# Help me come up with interesting encounters in the Fire Forest



## Marcon (Feb 9, 2009)

I like a few of those suggested (The dying man begging the PCs to end his life, the hellhound mafia-style "warning" and of course Indomitability's trial) but the rest is leaving me on my appetite.

When my PCs get to the Elf Village, I have no doubt the moral issues and having to ponder whether they should ally with the fey/Indomitability/Kazyk will be enough to keep them busy but until then, I want the first half of the Elfroad to be a memorable experience.
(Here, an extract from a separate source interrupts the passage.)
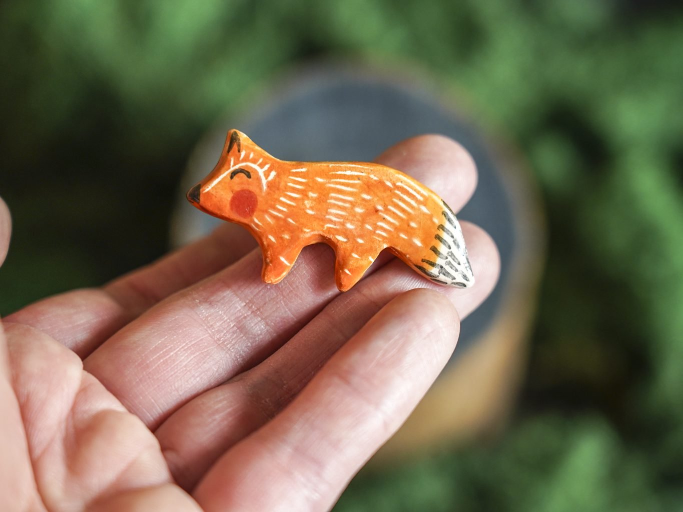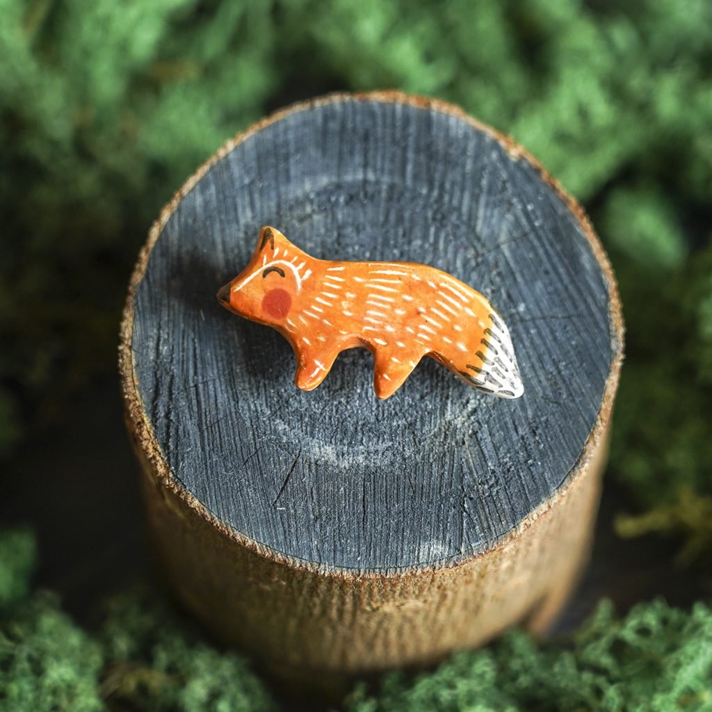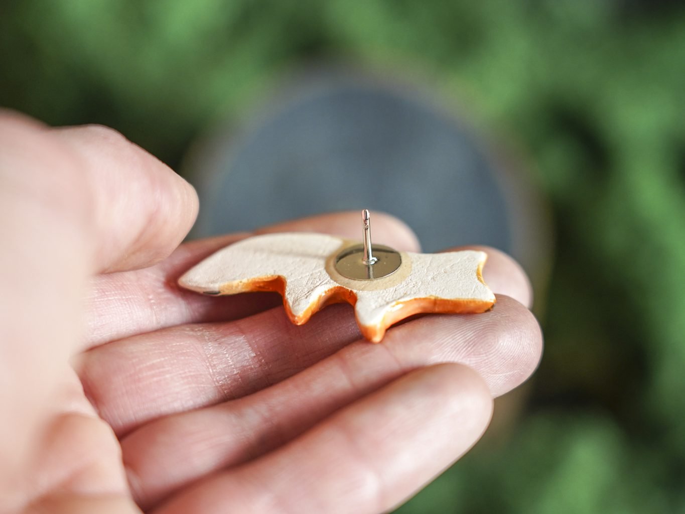 Papuošalai pagaminti iš keramikos. Iš molio nulipdytos formos išdegamos 1000 laipsnių temperatūroje, tada išpaišomos rankomis, padengiamos bespalve glazūra ir išdegamos antrąkart. Metalinė ženkliuko adatėlė pagaminta iš nerūdijančio plieno, kitoje pusėje užspaudžiama tvirta kietos gumos detale.

Did you come up with anything original in your game?

-Marcon


----------



## RangerWickett (Feb 9, 2009)

In the campaign I originally ran upon which we based WotBS, the party picked up Haddin and Crystin as tag-alongs, then were already inside the fire forest when the Ragesians attacked (instead of having a fight at the farmhouse). That way the PCs got to use flaming brush to their advantage, since they were resistant, but the bad guys weren't.
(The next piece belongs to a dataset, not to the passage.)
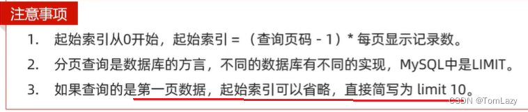 起始索引计算公式:起始索引 = (查询页码 - 1)* 每页显示记录数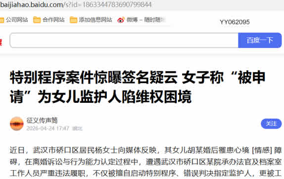 近日,武汉市硚口区居民杨女士向媒体反映,其女儿胡某婚后罹患心境 [情感] 障碍,在离婚诉讼与行为能力认定过程中,遭遇武汉市硚口区某院承办法官及档案室工作人员严重违法履职,不仅被擅自启动特别程序、错误判决指定监护人,更被工作人员以虚假材料栽赃陷害、反咬伪造证据,一位六旬老人为患病女儿奔走维权,却深陷司法不公困境,身心俱疲。

Also, if I could go back and change something about the adventure, it would be to make sticking to the road less mandatory. Like, maybe have the heat of the forest deal 1d6 points of damage an hour if they're off the road, to give the PCs an easier time of exploring, instead of saying that the only safe place is on the road or on the river. I got some complaints about the adventure feeling rail-roady on the road.


----------